Context of the Atreus and Thyestes myth
Stories that survive the ages must matter. Find out why.
This has really got to be one of the most messed up of all Greek myths. When a guy kills his brother's kids and tricks him into eating them, even the most cold-hearted people have got to stop and say, "..............he did what?" What's even more horrific is that this isn't the first time killing kids and eating them has popped up in the family of Atreus and Thyestes. In some versions of this tale, their granddad, Tantalus, chopped up their father, Pelops, and tried to feed him to the gods.
Later on, Atreus's son, Agamemnon, is forced by Artemis to sacrifice his daughter, Iphigenia. Though there's no cannibalism involved in Iphigenia's case, the theme is still pretty darn present. Some scholars believe that this theme of child sacrifice reflects the fact that it was once a part of super ancient Greek society. The horror in which these stories are told expresses the Greeks' or the Classical World's horror over the brutality of the past.
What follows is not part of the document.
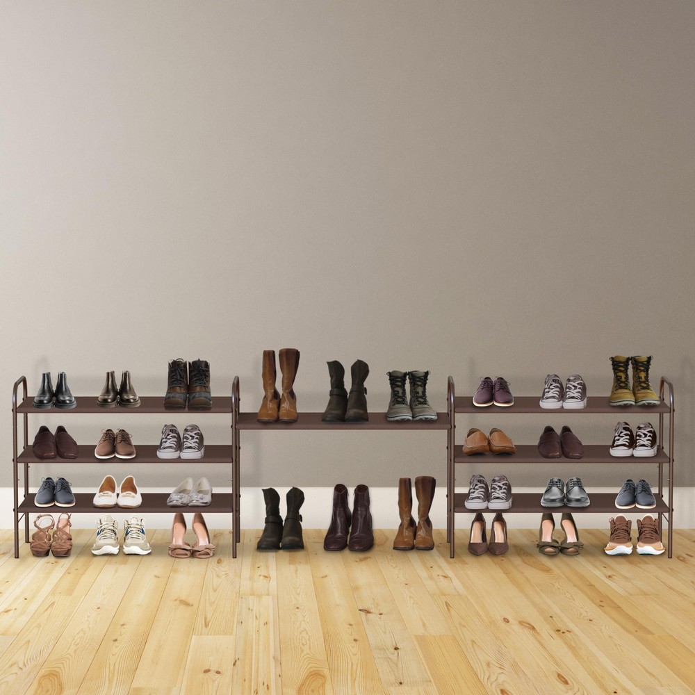 3-Tier Shoe Rack Storage Organizer, Bronze – Space-Saving Shoe Shelf, Holds 9–16 Pairs, Sturdy Metal Frame, Easy Assembly – Closet, Entryway, Bedroom Shoe Storage Solution Stores up to 9-16 pairs of shoes, additional bottom storage for more shoes. All shelves are height adjustable Sturdy metal construction with washable 600 D polyester fabric, each shelf holding up to 30 lbs Easy Assembly Personalized Storage: You can remove the panel to build into a 2-tier or 3-tier shoe rack to fit different kind of shoes Great solution to keep your entryway, closet, dormitory, patio, mudroom and garage away from mess Product Dimension: 11.2"D x 26.8"W x 20.9"H; Patent Pending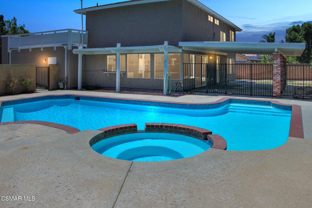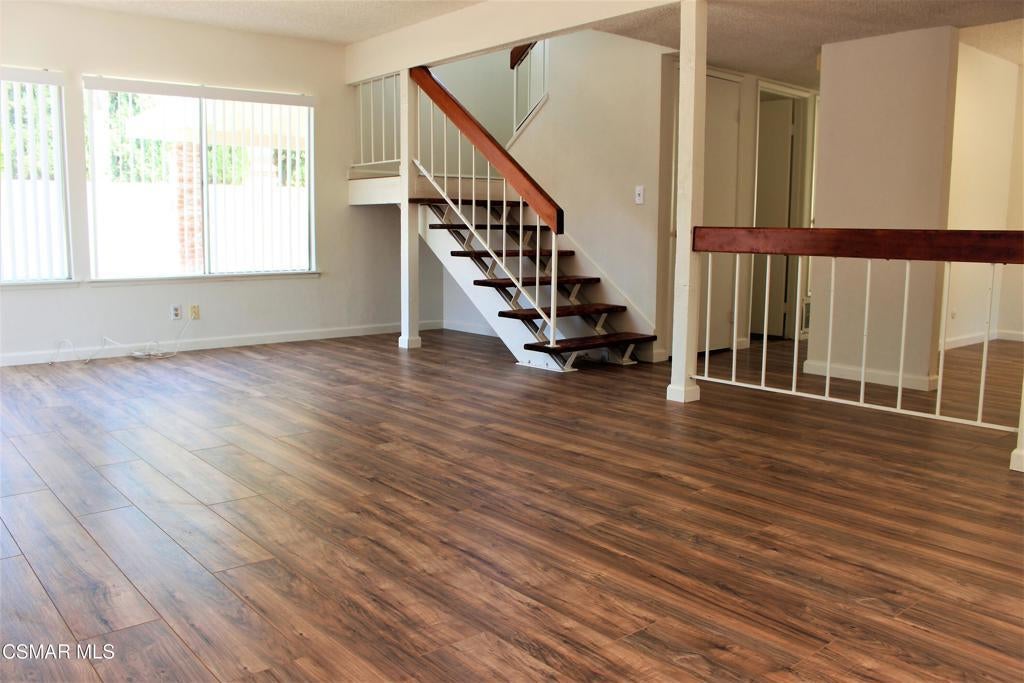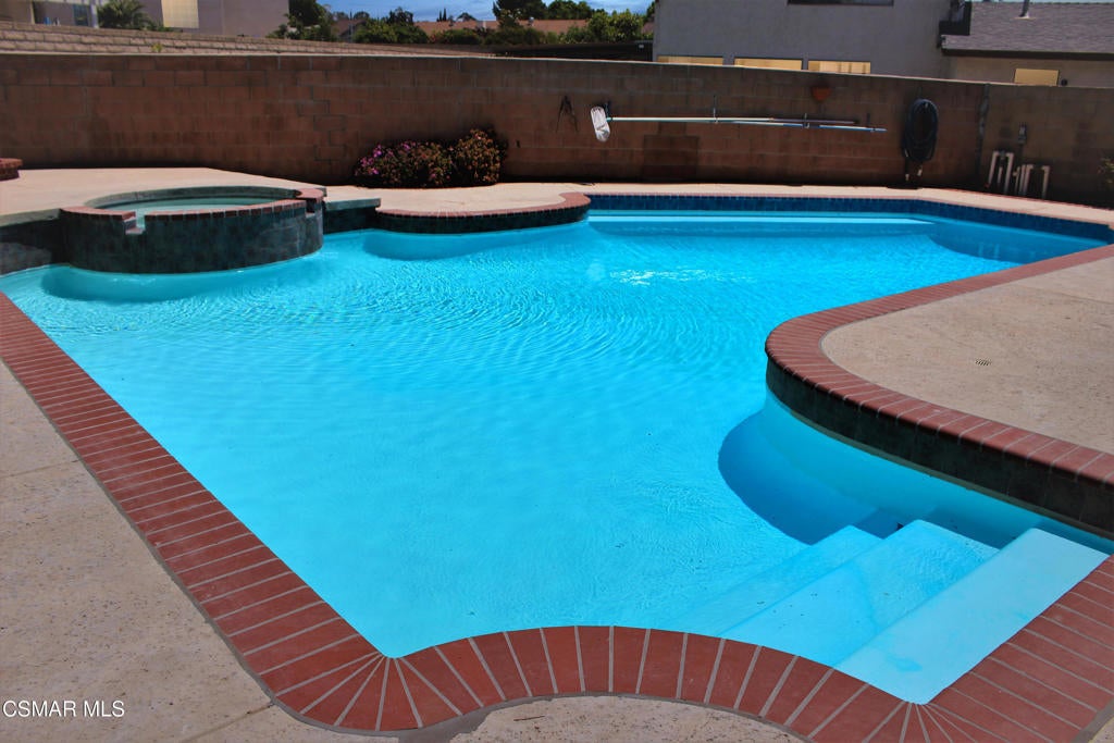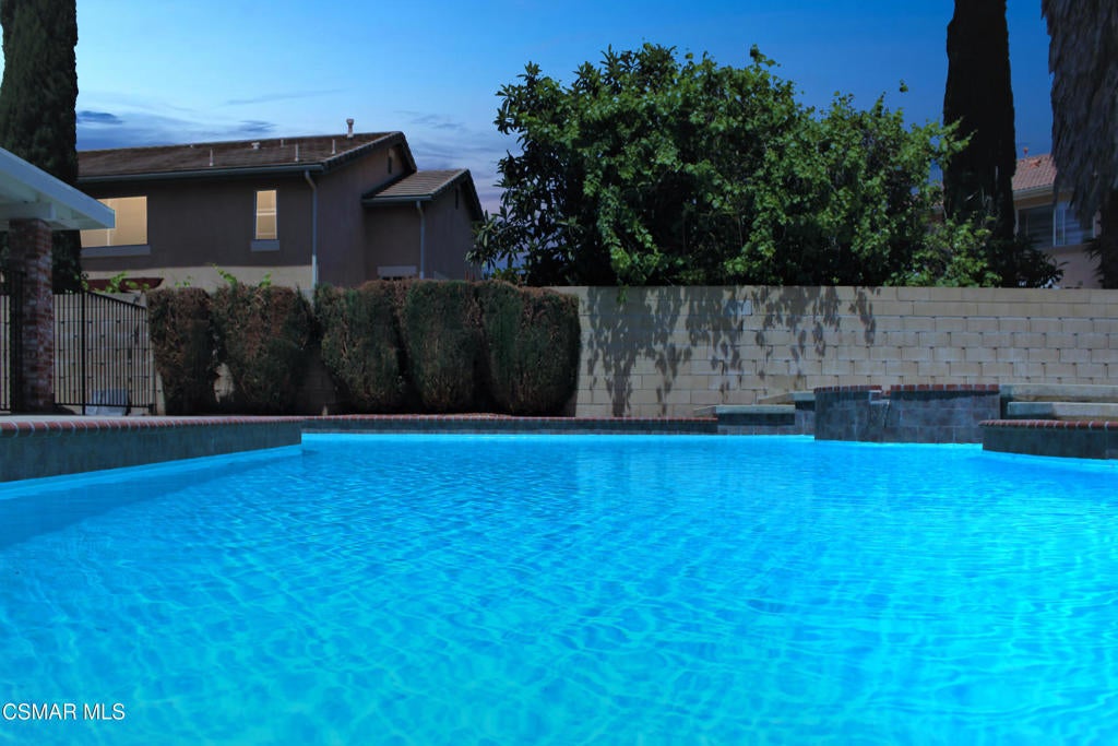 Welcome to this beautiful Simi Valley 4 bed, 2.5 bath cul-de-sac home. As you walk up you will notice the lovely brick porch entry. The downstairs is graced with an open floor plan, cozy fireplace, and new wood-like flooring. The kitchen is equipped with a brand new stainless-steel gas range and dishwasher, quartz counter tops, recessed lighting, and opens to the living room with 180 degree views of the backyard. Off the kitchen there is also a quaint formal dining room and formal living room. In the master retreat there are updated dual vanities, a spacious walk-in closet, and a roof top deck with views of the mountains, perfect to enjoy a cup of coffee on. Get ready for summer in your large backyard oasis with a sparkling pool and spa, fire pit, and fruit trees. There is also a large 2-car garage with direct access, washer/dryer hook ups, and brand new Central A/C. Located close to hiking and biking trails, shopping, and fwy access. This is a great place to call home!

Atreus and Thyestes don't put in a personal appearance in the many plays about their famous descendants Agamemnon, Menelaus, Aegisthus, Orestes, Iphigenia, and Electra, the most famous of these probably being Aeschylus's Oresteia trilogy, Sophocles' Electra, and Euripides' Iphigenia at Aulis. All the tragic things that happen to their descendants, though, are sometimes blamed on them. This is especially true of the House of Atreus, whose lives are a regular blood bath, until Orestes finally cleanses the family of its curse. Sometimes this curse is seen as going even farther back than Atreus and Thyestes, however, as some blame Tantalus for first bringing the curse on the house.
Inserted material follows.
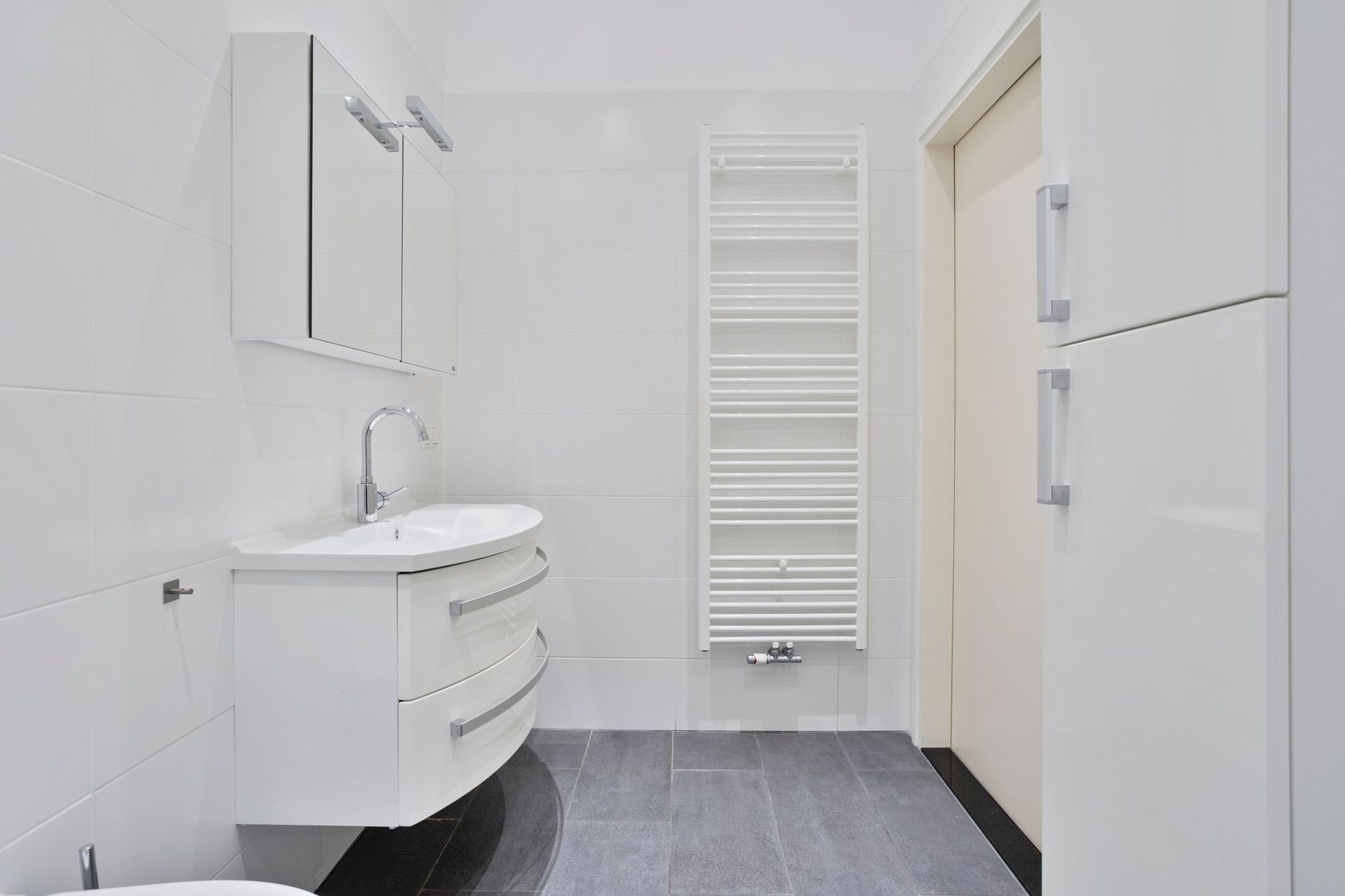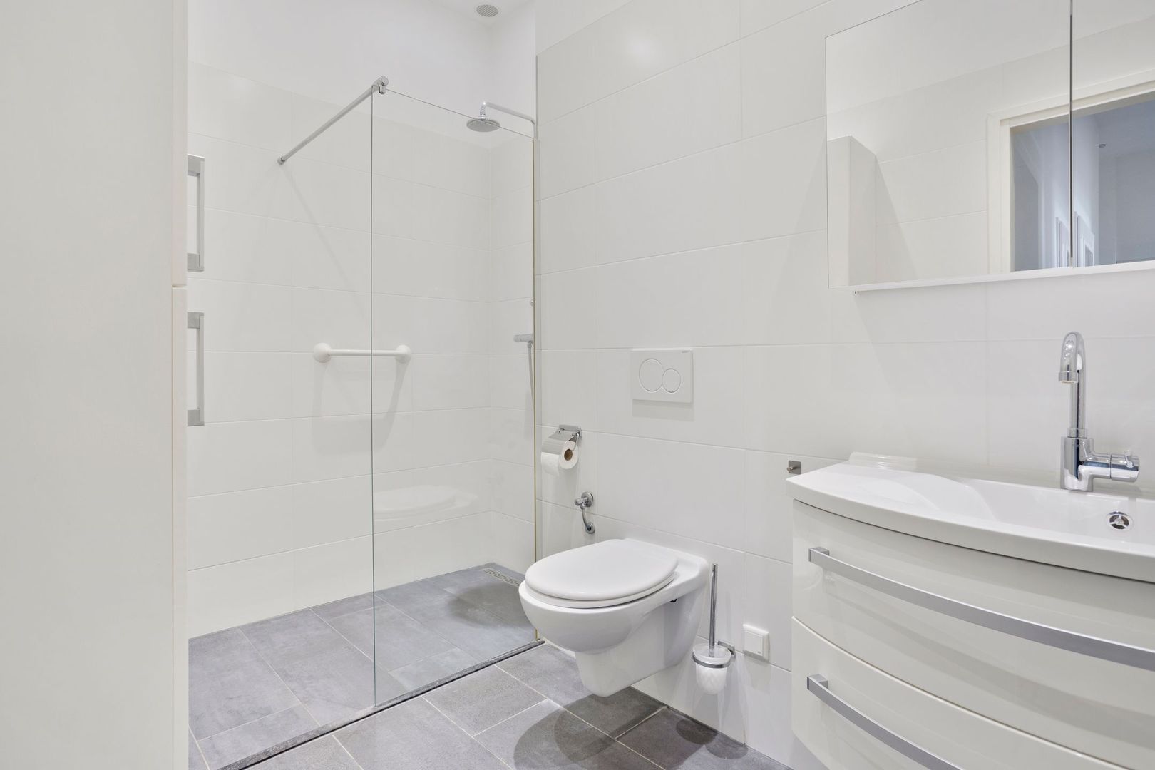 Grote badkamer met inloopdouche, wastafelmeubel en inbouwcloset.

One of the more complete versions of the bloody tale of Atreus and Thyestes is told by Hyginius in Fabulae. The only play version we have still around is Thyestes by the Roman playwright Seneca the Younger. There's also a modern version of this play by big-time British playwright, Caryl Churchill. The story of these two bloody brothers might be most famous for inspiring Shakespeare's horrific tragedy, Titus Andronicus, which gives Seneca's Thyestes a run for its money in the realm of brutal revenge.